Strait Passage: The Journey
I recently came across, for the first time to really pay attention to them at least, the passages of Matthew 7: 13 and 14 and was excited by what I read there:
13 Enter ye in at the strait gate: for wide is the gate, and broad is the way, that leadeth to destruction, and many there be which go in thereat:
14 Because strait is the gate, and narrow is the way, which leadeth unto life, and few there be that find it.
This is from the KJV - Note the spelling of Strait. It is not Straight. Strait is a correct translation from the Latin Vulgate, “angustam porta”, literally “narrow passage”.
The dictionary definition for Strait is thus:
1. A narrow channel joining two larger bodies of water. Often used in the plural with a singular verb.
2. A position of difficulty, perplexity, distress, or need. Often used in the plural: in desperate straits.
These two definitions, together, make up the whole of Strait in this context.
I have spoken of straits before, referencing to the John Donne poem “Hymn to God, my God, in my Sickness”, and the relationships in that poem to the journey of the wanderer. What I said about it was this: “In ‘Hymn...’ Donne makes reference to several Straits (That of Magellan, Anyan, and Gibraltar). A strait represents a tight place of passage, between to large bodies of water, literally, or figuratively we can safely say it is a reference to making the journey, from one place unto another. Perhaps as Brendan [St. Brendan] journeyed from this world to another and back again.”
I am a believer in journey, in living the life of a seeker in all things. Although I consider myself spiritual, being a seeker is more than any sort of faith – even an atheist has a philosophy, and everyone has a passion. It is through our world-view that we establish the understanding of the natural order, how the world works, that is the foundation for our mores and ethics, our human relationships and even our decision-making philosophies. It is my belief that it is not just the enhanced life, but it is the true life that is the life of the wanderer. The true student, the faithful disciple, is the wanderer.
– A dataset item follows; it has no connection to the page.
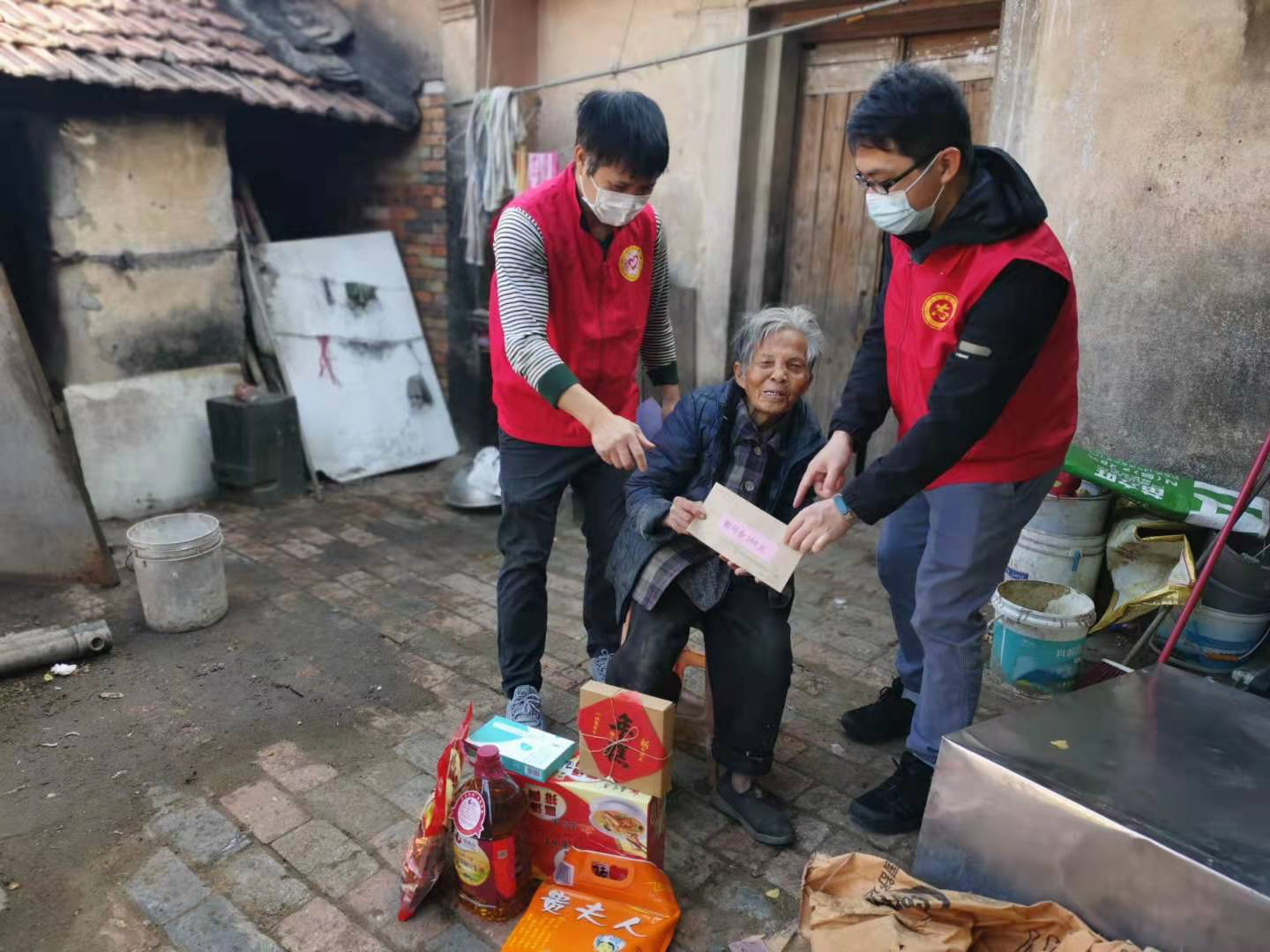 (青年工作委员会志愿者向孤寡老人发放慰问金)

I endeavor to be a wanderer. I endeavor to question, to seek, to my satisfaction. An answer is the foundation of a question, and the question is ever faithful to the truth.
“Strait is the gate, and narrow the way, which leadeth unto life” – The strait and narrow, the hard road, is the path to life. The hard road is the path of the wanderer.
Not the Straight and Narrow as is so commonly said – What means this, straight and narrow? It says “Follow this line” (the road as defined by another), but this is a perversion of the truth: A command to unquestioningly, undeviatingly, unknowingly walk a prescribed path.
The hard road, the difficult road, is the honest road. To be honest, we must be questioned, or tested to use another word.
To be tested we must not take the beaten path, the easy path (the wide gate and broad way), but the hard road. To be questioning, to be questioned (for, are not most questions in this realm essentially of ourselves, or relating to ourselves, making us both the questioning, and the questioned?), is the way of the wanderer.